Boeck helped develop a hospital-based trauma registry for injury surveillance, to serve as a foundation for future injury prevention strategies and to improve the safety and quality of healthcare delivered. Boeck said she hopes the project, part of the Northwestern Trauma and Surgical Initiative, will strengthen Bolivia’s existing emergency response and trauma system.

“Having a trauma and emergency registry will allow people to follow trauma patterns happening in the communities and improve the quality of care and prevention of future injuries in the population,” Boeck said. “Bolivia doesn’t really have reliable trauma data. The registry helps lay the foundation for a trauma system and to help define local standards of care that fit the local context.”

Another goal of the project is to increase awareness of trauma and to foster local capacity for research, education and training initiatives.
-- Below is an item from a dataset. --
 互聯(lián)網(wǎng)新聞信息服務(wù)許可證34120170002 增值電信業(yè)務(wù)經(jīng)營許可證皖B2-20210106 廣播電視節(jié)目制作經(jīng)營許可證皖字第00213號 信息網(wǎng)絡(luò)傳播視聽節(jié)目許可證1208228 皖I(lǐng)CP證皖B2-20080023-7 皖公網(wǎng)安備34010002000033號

“Even the definition of trauma isn’t clear. The word for the medical field of trauma in Spanish, traumatología, means orthopaedics, but trauma includes burns, intoxications, poisonings, gun shot wounds and additional injury mechanisms,” Boeck said.

With Swaroop, Boeck collaborated with local government officials, health department staff, physicians and emergency medical service providers to collect data on trauma patients entering the emergency departments in five participating hospitals in Santa Cruz de la Sierra, a city of about 1.6 million people.
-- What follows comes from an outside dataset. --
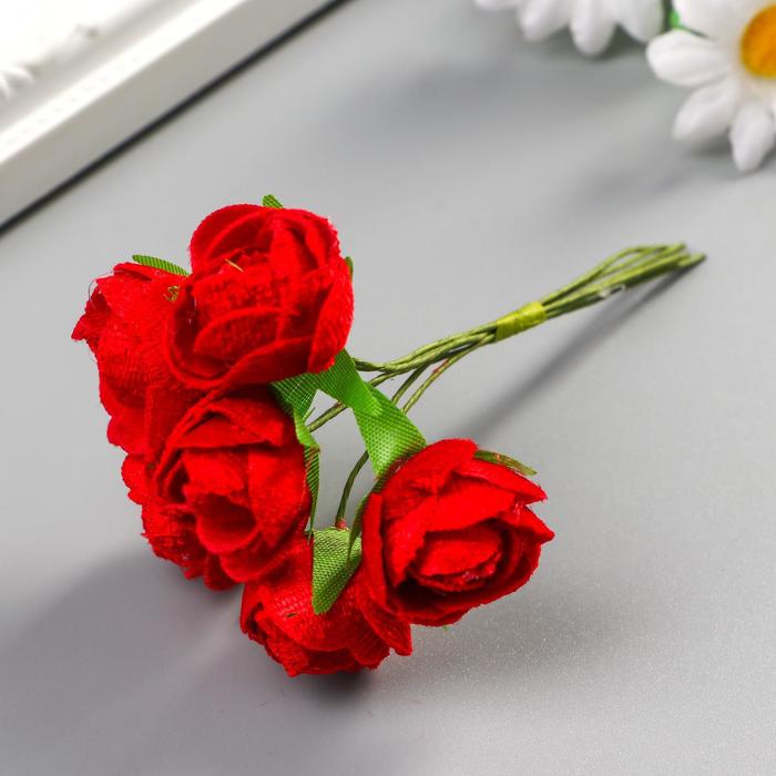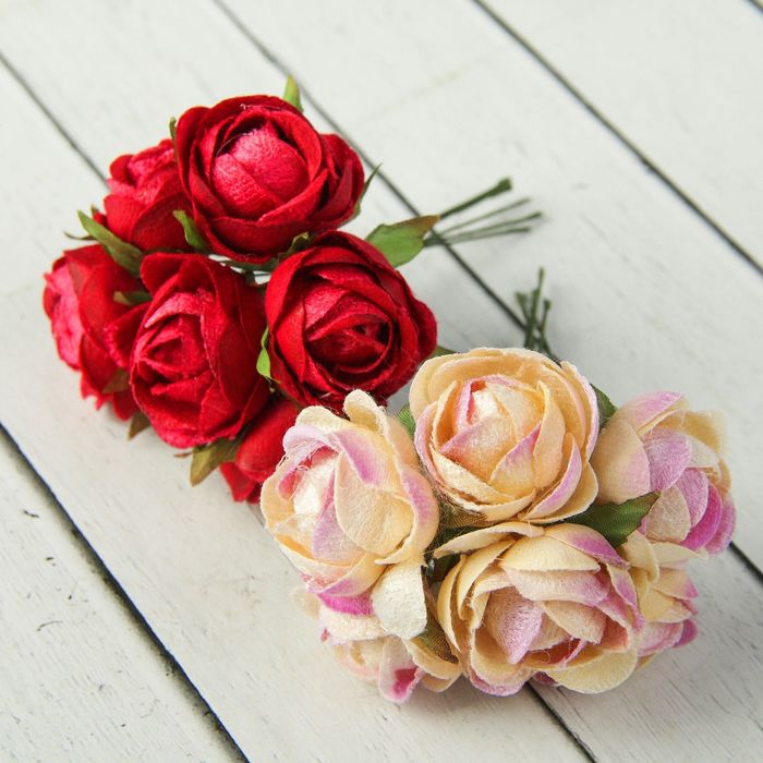 Декор для творчества «Нежные розы» (набор-букет из 6 цветков), 12 см, d = 3,5 см, МИКС

They documented patient information, such as basic demographics, mode of hospital transport, location, mechanisms and types of injuries and outcomes.

“This is the first time we’ve started a registry project in Bolivia, and it’s a team effort,” Swaroop said. “There have been a multitude of people doing the work, and it is the people who have done the previous registry work, and failed, and taught us their failures and mistakes, who have guided our pathways.”

Currently, the registry includes more than 3,200 patients, and access to the electronic database is shared with participating hospitals and local government.

“It’s been interesting to see the patterns of injures that have been happening. For example, observing what kinds of violence happen in areas of the city will enable us to begin targeting and decreasing the incidence of certain injuries in the city,” Boeck said. “We’ve had a great partnership and plan to expand the registry to more emergency rooms in the near future, in partnership with the local health department.”

Samuel South, MD, a general surgery resident at Northwestern University, will head to Bolivia in August to continue working on the project. Additionally, he will implement a Trauma Responder Course, which was piloted in 2013 in La Paz and Potosi and is based on first responder courses from Swaroop’s previous experiences teaching in Bangladesh, Cambodia and India.

“By understanding a little about the skillset of the people in the hospitals, we are trying to figure out what is the least expensive, most effective ways to improve people’s training,” South said. “Ideally over time, we’d like to accomplish an organized system for trauma and emergency medical services, an integrative response throughout the country and appropriate care delivered at the scene or in route and, finally, leave them with their own system for education and research.”

Boeck’s project was funded by the Global Health Initiative at the Center for Global Health, the Center for Surgery and Public Health at Brigham and Women’s Hospital, Harvard Medical School and Harvard T. Chan School of Public Health. South’s project is funded by the Global Health Initiative, Northwestern Department of Surgery and International Infusion, a private donor of the Northwestern Trauma and Surgical Initiative.